Curry was awesome at Carolina, but any thought of him still carries a little bit of ‘what if?’ What if he had been born 10 years later? What if he hadn’t gotten injured? What if he could’ve played for Brown instead of Torbush and Bunting?
He was still electrifying, and he is still my favorite Heel of my lifetime.
Top Games at UNC
Curry’s 48-yard run for a touchdown in the 1998 Las Vegas Bowl against San Diego State served as a declaration of things to come. The 2001 Peach Bowl against Auburn was Curry’s redemption game. His performance in Atlanta ended his career on a high note.
He also loved beating Duke. His performance against the Blue Devils just two games prior (11/19, 217 yards, 3 TD, 0 picks, and a rushing TD) was awesome. His junior year against Duke was nice too at 18/24, 218, 2/1...and 105 yards on the ground.
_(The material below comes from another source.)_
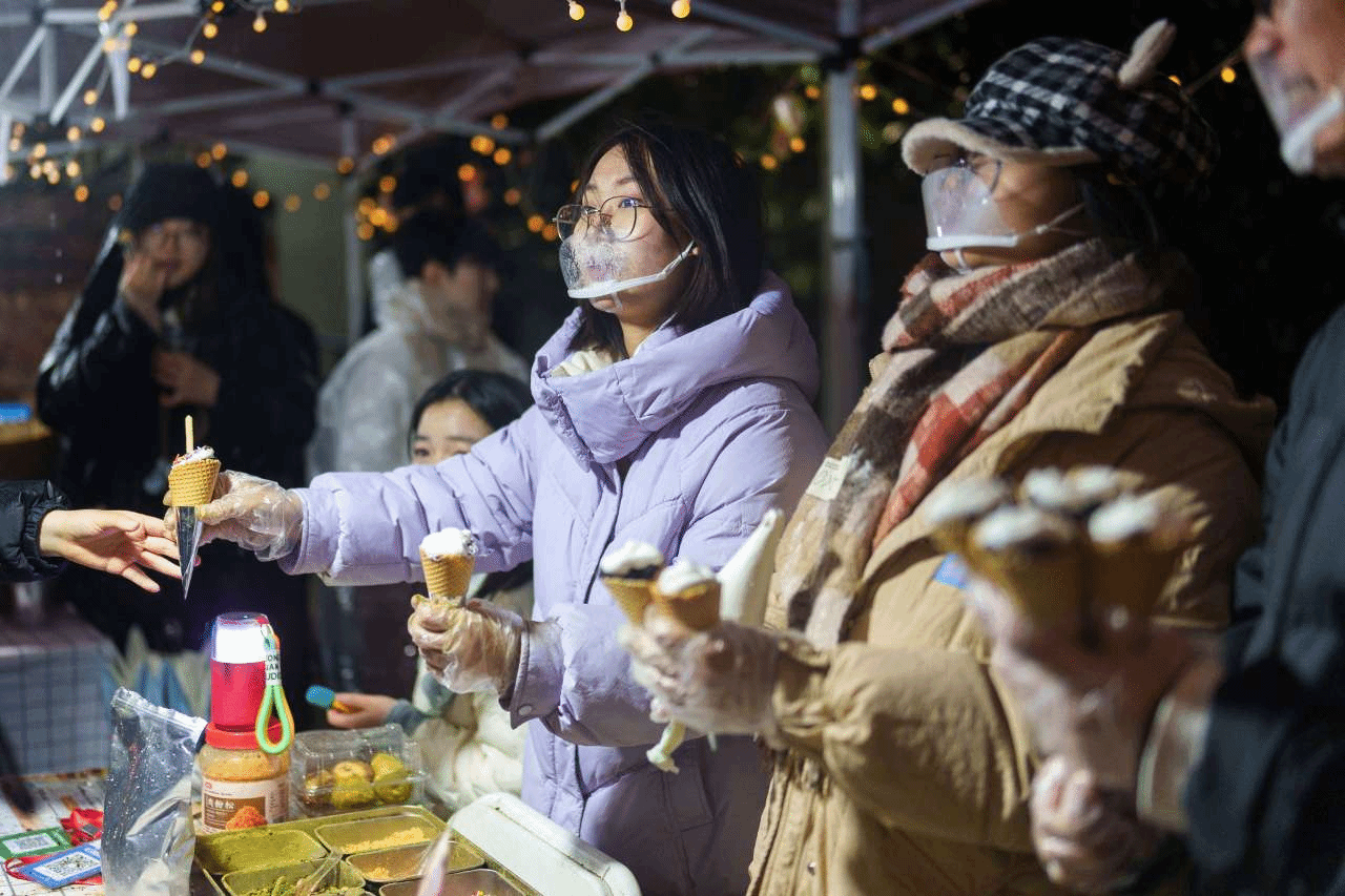 美食区打造独特味蕾体验,生命科学技术学院以学校选育的“华墨香”黑米制作热奶宝、养生粥等跨年美食,参与者在品尝美味时,亲身感受“从实验室到餐桌”的科研转化魅力。“多维玉米矩阵”项目则依托校长严建兵教授研究团队关于甜玉米风味基因研究成果,制作出了墨西哥风味玉米条等美食,让硬核科研成果走出实验室,成为可感可及的味觉盛宴。

He liked beating Duke on the basketball court too, as the ‘fake thigh injury’ game in Cameron will attest. In 2001, Curry fawned an injury after drawing a foul in order to allow a better foul shooter to take his shots. The extra points padded their lead and set up a dramatic finish in the end.
Curry didn’t make it to the NFL as a quarterback, but found a niche as the Oakland Raiders’ third receiver after being selected in the 7th round of the 2002 Draft.
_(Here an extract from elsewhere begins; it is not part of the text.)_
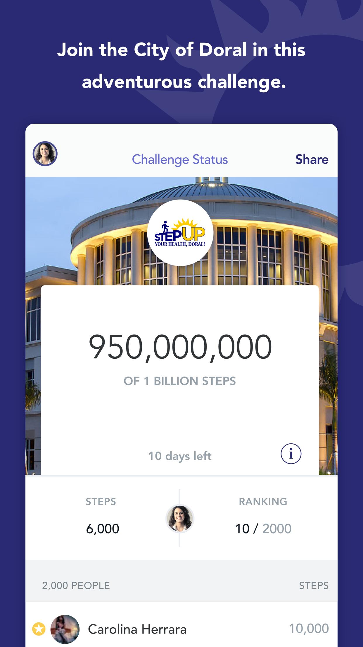 ความคิดริเริ่มด้านสุขภาพของนายกเทศมนตรี“ Step Up Your Health, Doral” เป็นโครงการตลอดทั้งปีที่จะกระตุ้นให้ชุมชนเข้าร่วมนายกเทศมนตรีในการดำเนินชีวิตที่มีสุขภาพดีขึ้น ความท้าทายหลักคือ“ เมืองแห่งหนึ่งพันล้านขั้นตอน” ซึ่งผู้เข้าร่วมจะติดตามขั้นตอนของพวกเขาเพื่อให้ได้ทั้งหมดเป็นพันล้านในทั้งหมดในหนึ่งปี นอกจากนี้ยังมีโปรแกรมโภชนาการและการออกกำลังกายและกิจกรรมการสัมมนาการคัดกรองสุขภาพและงานแสดงสินค้าเพื่อสุขภาพที่จะช่วยให้คุณมีชีวิตที่มีสุขภาพดีขึ้น!

He was at his best in 2004, when he hauled in 50 passes for 679 yards and six touchdowns. Another injury sidelined him for much of 2005, and (notice a theme here yet?) Curry came back and put up two more strong seasons in 2006 and 07, putting up 727 and 717 yards, respectively.
He was let go by the Raiders in 2008, and Curry held on for parts of the next two seasons with the Detroit Lions and St. Louis Rams. Curry was an offensive assistant on the San Francisco 49ers staff in 2014 and 2015 before moving to the New Orleans Saints in the same position.